This article was written by John Macdonell and was published in 1885

Charles Abbott , first Lord Tenterden (1762-1832), lord chief justice, was born 7 October 1762, at Canterbury, in a house on the left-hand side of the west entrance to the cathedral. He was, to quote the epitaph which he wrote for his tomb two months before his death, Filius natu minor humillimis sortis parentibus, patre vero prudenti, matre pia ortus, that is, he was the second son of a respectable hairdresser and wig-maker, among whose patrons were the clergy of the cathedral. As a lad Abbott is said to have helped his father in his business. Lord Campbell, who, in his Lives of the Chief Justices, gives the most complete account of him, describes Abbott as a ‘scrubby little boy, who ran after his father, carrying for him a pewter basin, a case of razors, and a hair-powder bag.’
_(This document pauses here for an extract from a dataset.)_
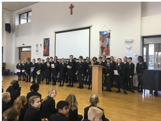
STUDENTS OF THE WEEK: 8TH MARCH 2019

Having been taught to read at a dame's school, he entered at seven the King's or Grammar School, where many celebrated men have been educated. Abbott's ability was soon discovered by his teacher, Dr. Osmond Beauvoir. The late Sir Egerton Brydges, who was Abbott's schoolfellow, states that ‘from his earliest years he was industrious, apprehensive, regular and correct in all his conduct, even in his temper, and prudent in everything.’ Another schoolfellow describes him as ‘grave, silent, and demure; always studious and well-behaved.’ The same informant says: ‘I think his first rise in life was owing to a boy of the name of Thurlow, an illegitimate son of the lord chancellor, who was at Canterbury Free School with us. Abbott and this boy were well acquainted, and when Thurlow went home for the holidays he took young Abbott with him. Abbott then became acquainted with Lord Thurlow, and was a kind of helping tutor to his son; and I have always heard, and am persuaded, that it was by his lordship's aid that he was afterwards sent to school with us.’
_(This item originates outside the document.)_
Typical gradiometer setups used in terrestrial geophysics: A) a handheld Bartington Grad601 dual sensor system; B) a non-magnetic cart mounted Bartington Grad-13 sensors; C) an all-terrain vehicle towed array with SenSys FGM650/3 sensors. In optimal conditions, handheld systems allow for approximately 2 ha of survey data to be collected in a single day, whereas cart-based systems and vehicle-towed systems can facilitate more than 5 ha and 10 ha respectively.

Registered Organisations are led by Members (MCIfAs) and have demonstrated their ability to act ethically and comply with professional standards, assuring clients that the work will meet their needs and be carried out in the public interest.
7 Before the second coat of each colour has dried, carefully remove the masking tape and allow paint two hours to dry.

About the age of fourteen he was put forward by his father as a candidate for a place as singing-boy in the cathedral. But his voice being husky, another boy was preferred. In after years, as chief justice, he went the home circuit with Mr. Justice Richardson, and visited the cathedral with his brother judge. Pointing to a singer in the choir, he said, ‘Behold, brother Richardson, that is the only human being I ever envied. When at school in this town we were candidates for a chorister's place; he obtained it; and if I had gained my wish, he might have been accompanying you as chief justice, and pointing me out as his old schoolfellow, the singing-man.’
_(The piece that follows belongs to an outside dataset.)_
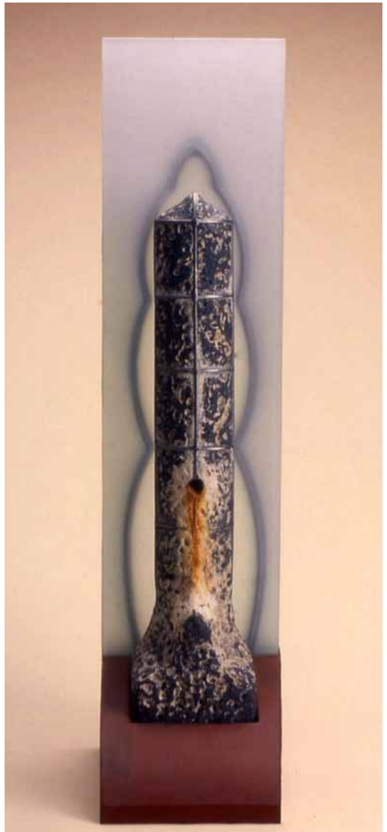
Temple Totem , adobe clay, glass, steel, 55" x 14" x 24", 2005

Abbott's proficiency in Latin verse was remarkable; and at seventeen he was captain of the school. His father wished that his son should be apprenticed to his trade, and the indentures were actually signed, sealed, and delivered. Fortunately the trustees of the school saw their way to increase the amount of an exhibition, and he was thus enabled to go to Oxford. He entered Corpus Christi College on 21 March 1781, where he obtained a scholarship. In 1783 he competed for the chancellor's medal for Latin composition, the subject being the siege of Gibraltar, Calpe obsessa. He failed to get the prize, being beaten by Bowles the poet, then a scholar of Trinity. But in 1784 he won it by his verses on Globus Aerostaticus, the voyage in a balloon of Lunardi, who had about that time introduced the air-balloon into England. In 1786 he gained the chancellor's medal for English composition by an essay On the Use and Abuse of Satire. This essay, which is printed in the first volume of the Oxford Prize Essays, begins in the approved prize style of the period: ‘In the early ages of nations, as in the youth of individuals, before the authority of the judgment is confirmed by the establishment of acknowledged truths, the passions are ever the most powerful springs of human action.’ The essay deals separately with personal, political, moral, and critical satire. Clear as one of Lord Tenterden's judgments, it shows considerable reading; and it ends with the cautious remark, characteristic of the author: ‘Perhaps we need not hesitate to conclude that the benefits derived from satire are far superior to the disadvantages, with regard both to their extent and duration; and its authors may therefore be deservedly numbered among the happiest instructors of mankind.’

In 1785 Abbott took his degree of B.A., and he was soon afterwards made a fellow of his college and tutor. As private tutor of Mr. Yarde, son of Mr. Justice Buller, he became acquainted with that judge, who strongly urged him to go to the bar. ‘You may not possess,’ he said in his pithy fashion, ‘the garrulity called eloquence, which sometimes rapidly forces up an impudent pretender, but you are sure to get early into respectable business at the bar, and you may count on becoming in due time a puisne judge.’ He took Buller's advice. On 16 November 1787 Abbott was admitted a student of the Middle Temple. He took chambers in Brick Court, and attended for several months the offices of Messrs. Sandys & Co., attorneys, in Craig's Court. Afterwards he entered the chambers of Mr. Wood, who had been the instructor of Lord Ellenborough and several other judges, and who was one of the chief pleaders of his day. Having there mastered the science of special pleading, he practised for several years as a special pleader under the bar.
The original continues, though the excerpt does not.